RSpec.describe "the home page", type: :system do
it "works" do
expect(page).to have_content("monkey")
end
end

and run it again . You'll notice here in the terminal that we've got a picture, showing us what the page looked like when our test failed.

Have you ever been confused by a failing test, only to finally realize that the element you're looking for isn't showing at all? Screenshots are a great help to debugging in these situations.

But what if I don't want Javascript? I hear you cry. Well, system tests support that too. There are many browser drivers available to you out of the box, using a method called driven by. If you don't want Javascript, you can use the Rack test driver:

require 'rails_helper'

RSpec.describe "the home page", type: :system do
before do
driven_by(:rack_test)
end

it "works" do
visit "/"
end
end

Running this time , you'll notice no browser pops up. Rack test interfaces with your Rails app by making requests and parsing the HTML that comes back. It doesn't execute Javascript at all. If you want to write an integration test that runs against your app, but doesn't need Javascript, this is how I'd recommend doing it. Rack test runs much faster than booting a real browser, and so you'll get some benefit from running like that.

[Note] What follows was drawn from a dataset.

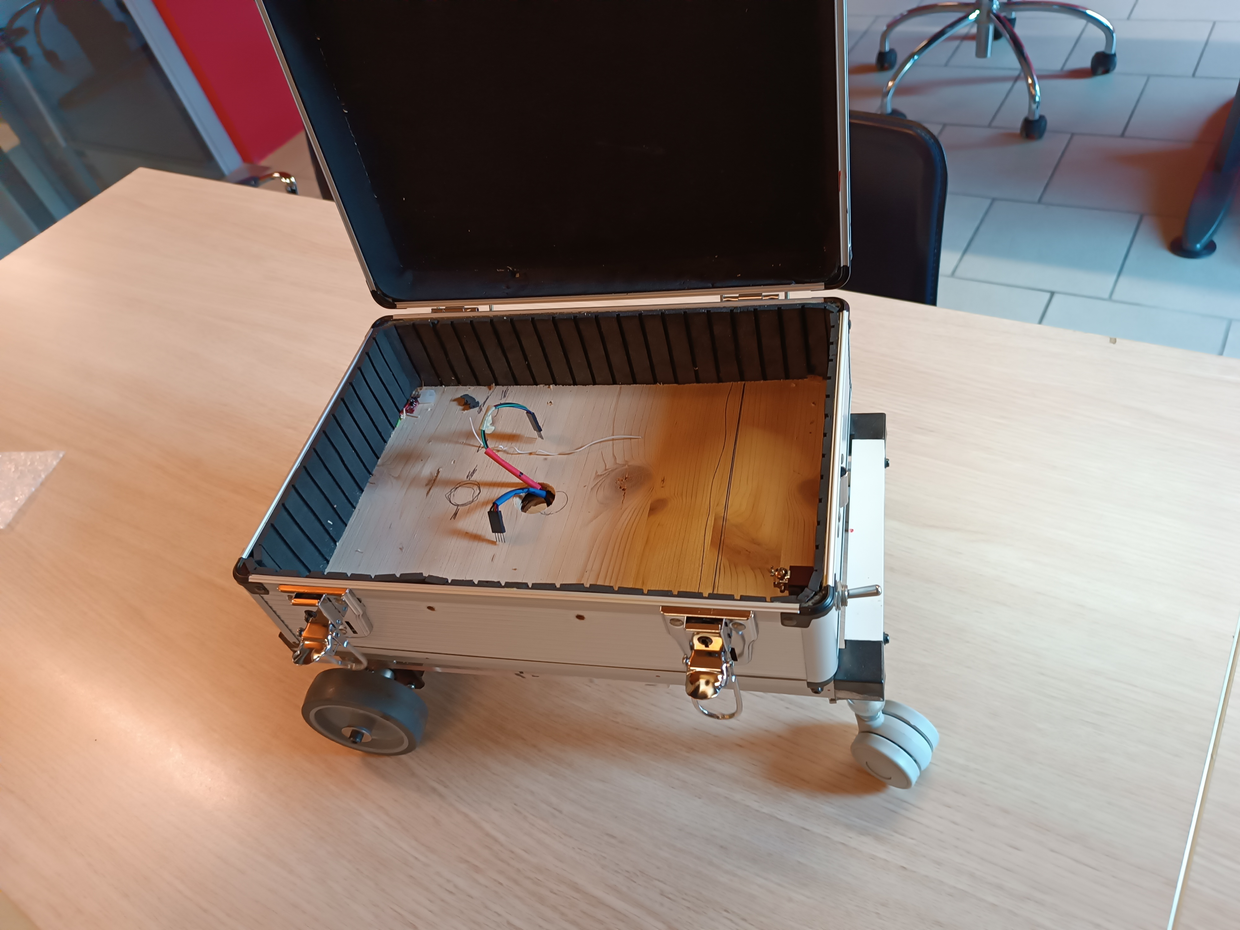 La struttura è già fatta, abbiamo scelto una valigetta porta-attrezzi, svuotata e fissata su un telaio in alluminio a cui sono fissati due motori con rispettive ruote motrici da un lato e due ruote libere dal lato opposto.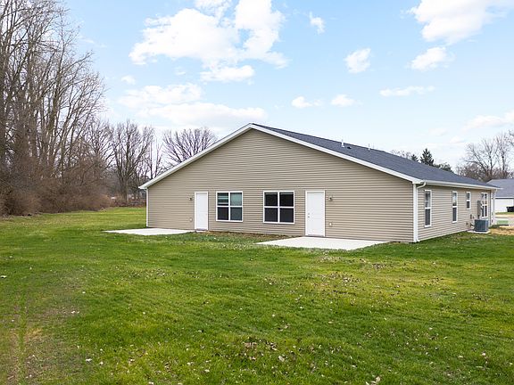 Freshly painted, vinyl flooring, bedrooms freshly carpeted, ranch style duplex with attached garage, includes back patio space. Appliances included:refrigerator, stove range, dishwasher, and microwave. Washer and dryer unit included. LED lighting, ceiling fans, and central air. Tenant is responsible for all utilities: gas, electric, water/trash Lawn/grass cutting is provided with rent. 1 year lease option.

You may be wondering: how does this differ from classic RSpec feature tests? Well, the implementation of feature tests involve a lot of complexity that was invented by RSpec maintainers and was not supported by any official Rails APIs. System tests on the other hand rely on clean APIs exposed by Rails and maintained by the Rails team.

To conclude: system testing is a really easy way to get access to full stack testing of your Rails applications including Javascript. System tests are the future of full-stack testing in Rails applications, and both the RSpec and Rails teams recommend you use them.

And that's it for today. Happy hacking!